- WORK ORDER: Hand back every line from the beginning of the data below through the line containing "Kavelstock av trä.", word for word and free of pictures.

[Recorded data]
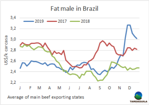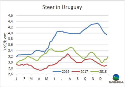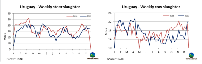 烏拉圭工廠也關注到中國市場的下行。巴西現(xiàn)在開始將部分出口供應轉(zhuǎn)向巴拉圭的關鍵市場,如智利和俄羅斯。智利圣地亞哥1月裝船的巴拉圭全牛20件套5300美元/噸,俄羅斯市場肩胛背肩上周從4100美元/噸下降到3800每元/噸。據(jù)一位業(yè)內(nèi)人士稱,后部位肉巴拉圭工廠售價不超過4300美元/噸,“競爭不容易,現(xiàn)在我們還要與活牛價格走低的巴西競爭。”
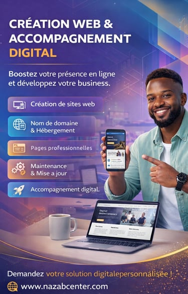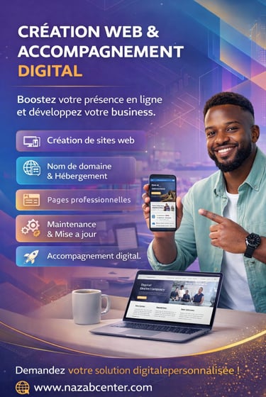 Chez NAZA Business Center, nous mettons notre expérience et notre savoir-faire au service des entreprises, organisations et entrepreneurs. Notre équipe vous accompagne à chaque étape de votre projet : conception, réalisation et mise en œuvre de solutions adaptées à vos besoins
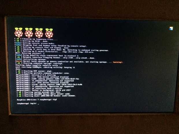 Antes de que usted encienda Asegúrese de que han aislado todas las conexiones para evitar cortocircuitos. Inserte la tarjeta sd (micro) y el poder hacia arriba. Si todo fue bien hecho, tras unos segundos debe presentarse con el inicio de sesión. YAY!!
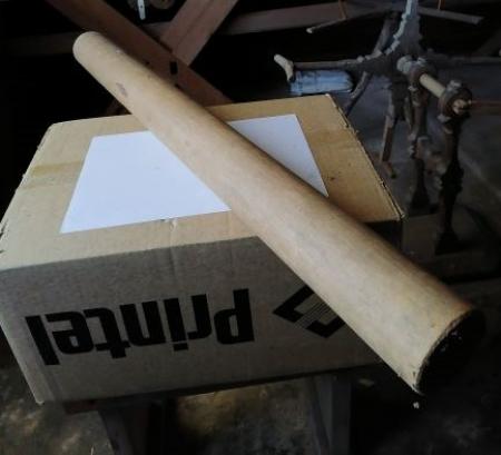 Kavelstock av trä. Användes vid mangling tillsammans med kavelbräde (se 240). rester av läder fastspikad i ena gaveln.
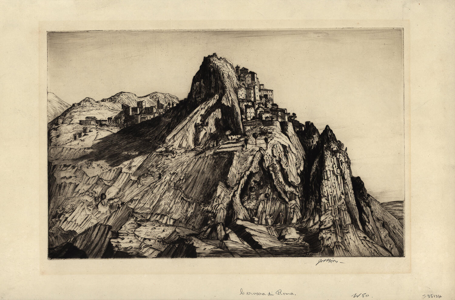 Born in Stoke-on-Trent, Nixon studied at the Slade and at South Kensington and, in 1915, was successful at the RA whilst still a student. He painted in oil and watercolour, principally landscape and topographical scenes, but he is best known for his etchings, drypoints and line engravings, which he started producing from 1913. He was elected ARE in 1923 and, that year, he won the first competition for the newly endowed scholarship of engraving at the British School in Rome. It was while in Italy that he produced An Italian Festa, the huge plate that first brought him to the public’s attention. However, the satirical, almost grotesque, nature of this etching was not his only style and English genre subjects form the majority of his work. Nevertheless, his appointment as assistant to Malcolm Osborne in the Engraving School at the Royal College of Art, South Kensington “came as a shock to the old-fashioned collector and connoisseur but the soundness of his technique and his mastery of etching processes, as well as the salutary influence he exercised in diverting his pupils from too slavish a pursuit of the landscape tradition, more than justifed his appointment.”
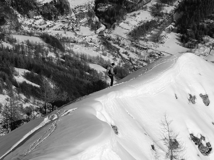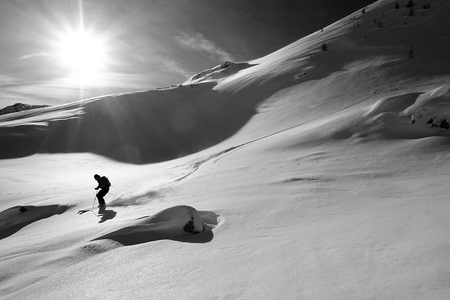 L’itinéraire suivi est classique (topo C2C) : col de la Fourche (2303m) par la Gardette puis très bonne descente sur la cabane des Rougnous, remontée sur la crête pour rejoindre la côte 2226m, un premier essai dans un couloir (conditions difficile – pente forte, neige dure, aucune visibilité sur la sortie) et nous remontons pour longer plus au Nord avant de finalement plonger dans une très belle combe est. Une neige très légère qui coule beaucoup mais en surface, il doit falloir éviter les grosses accumulations ici!

- RESPONSE FOR THIS EXERCISE:
 烏拉圭工廠也關注到中國市場的下行。巴西現(xiàn)在開始將部分出口供應轉(zhuǎn)向巴拉圭的關鍵市場,如智利和俄羅斯。智利圣地亞哥1月裝船的巴拉圭全牛20件套5300美元/噸,俄羅斯市場肩胛背肩上周從4100美元/噸下降到3800每元/噸。據(jù)一位業(yè)內(nèi)人士稱,后部位肉巴拉圭工廠售價不超過4300美元/噸,“競爭不容易,現(xiàn)在我們還要與活牛價格走低的巴西競爭。”
 Chez NAZA Business Center, nous mettons notre expérience et notre savoir-faire au service des entreprises, organisations et entrepreneurs. Notre équipe vous accompagne à chaque étape de votre projet : conception, réalisation et mise en œuvre de solutions adaptées à vos besoins
 Antes de que usted encienda Asegúrese de que han aislado todas las conexiones para evitar cortocircuitos. Inserte la tarjeta sd (micro) y el poder hacia arriba. Si todo fue bien hecho, tras unos segundos debe presentarse con el inicio de sesión. YAY!!
 Kavelstock av trä. Användes vid mangling tillsammans med kavelbräde (se 240). rester av läder fastspikad i ena gaveln.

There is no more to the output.